Before the Battle of Arras, the 184th Tunnelling Company were engaged in Arras on Fish Avenue Tunnel, and in helping construct emplacements for heavy mortars. The British forces controlling Arras had decided to re-use the ancient underground quarries in the town to aid a planned offensive against the Germans, whose trenches ran through what are now the eastern suburbs of the town. The underground quarries were to be linked up by tunnels so that they could be used both as shelters from the incessant German shelling and as a means of conveying troops to the front in secrecy and safety. From October 1916, the tunnelling companies of the Royal Engineers had been constructing tunnels for the troops, focusing on Carrière Wellington, a former underground quarry in Ronville near Arras. The New Zealand Tunnelling Company had carried out a first exploration of the underground quarries in the Ronville and Saint-Sauveur districts of Arras on 5 November 1916. While the New Zealanders were moving into place, the 184th Tunnelling Company began work on connection tunnels at Saint-Sauveur on 25 November 1916. The scale of this undertaking was enormous: in one sector alone four Tunnelling Companies worked around the clock in 18-hour shifts for two months. By the end of January 1917, the Royal Engineers had constructed 20 kilometres of tunnels linking the ancient underground quarries of Arras.
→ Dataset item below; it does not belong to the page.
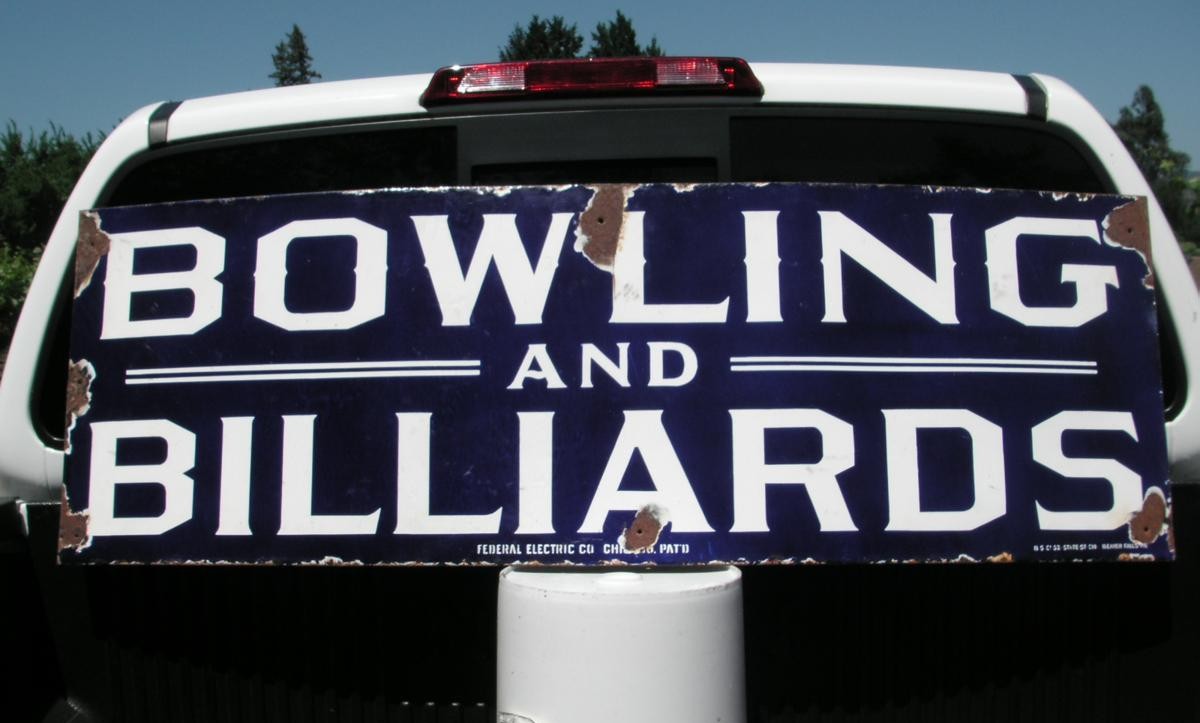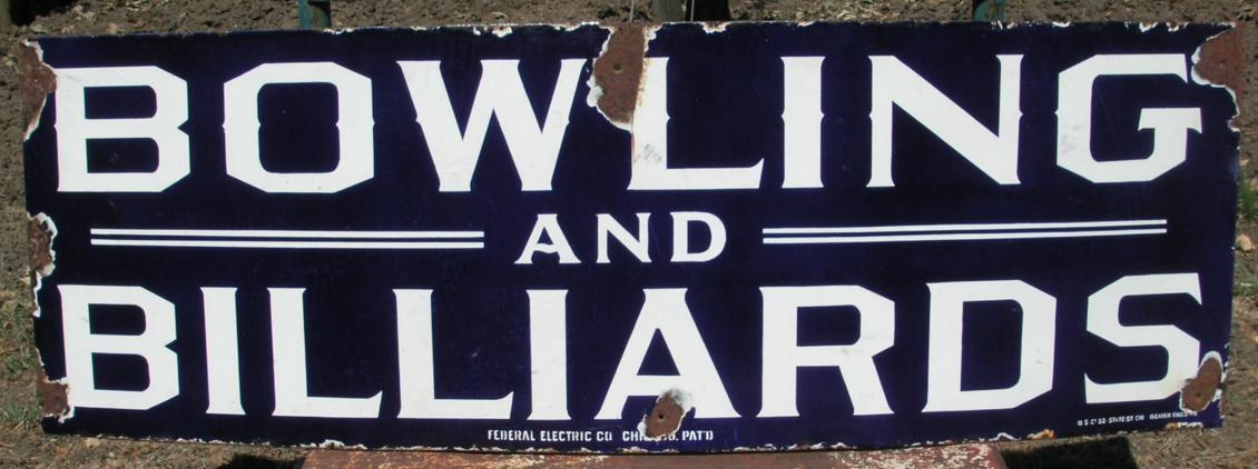 trigger! A lot of both Bowling and Billiards were played in Europe in the 19th and early 20th century….But this sign in pure 100% American, prominently marked Federal Electric Co. Chicago

The tunnel system could accommodate 24,000 men and was equipped with running water, electric light, kitchens, latrines, a small power station and a medical centre with a fully equipped operating theatre.
Passchendaele 1917
184th Tunnelling Company moved to Nieuwpoort in June 1917. Worked on underground shelters along the coast to De Panne. 184th Tunnelling Company then moved to Ypres-Brielen sector to prepare tank crossings over Ypres canal for attack on 31 July 1917, the beginning of the Battle of Passchendaele. In connection with that battle, the unit helped six fighting tanks cross the Steenbeek on 22 August 1917. On that day, 8 Company had 10 fighting tanks and two supply tanks in action.
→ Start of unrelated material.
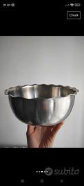 Set di due ciotole di acciaio inox 18/10 marca Rostfrei diametro 21cm e altezza 9cm. Utilizzate, quindi l'acciaio si presenta graffiato, ma non hanno altre imperfezioni.

In April 1918, the 184th and several other tunnelling companies were forced to move from their camps at Boeschepe, when the enemy broke through the Lys positions during the Spring Offensive. These units were then put on duties that included digging and wiring trenches over a long distance from Reningelst to near Saint-Omer. The operation to construct these fortifications between Reningelst and Saint-Omer was carried out jointly by the British 171st, 173rd, 183rd, 184th, 255th, 258th, 3rd Canadian and 3rd Australian Tunnelling Companies.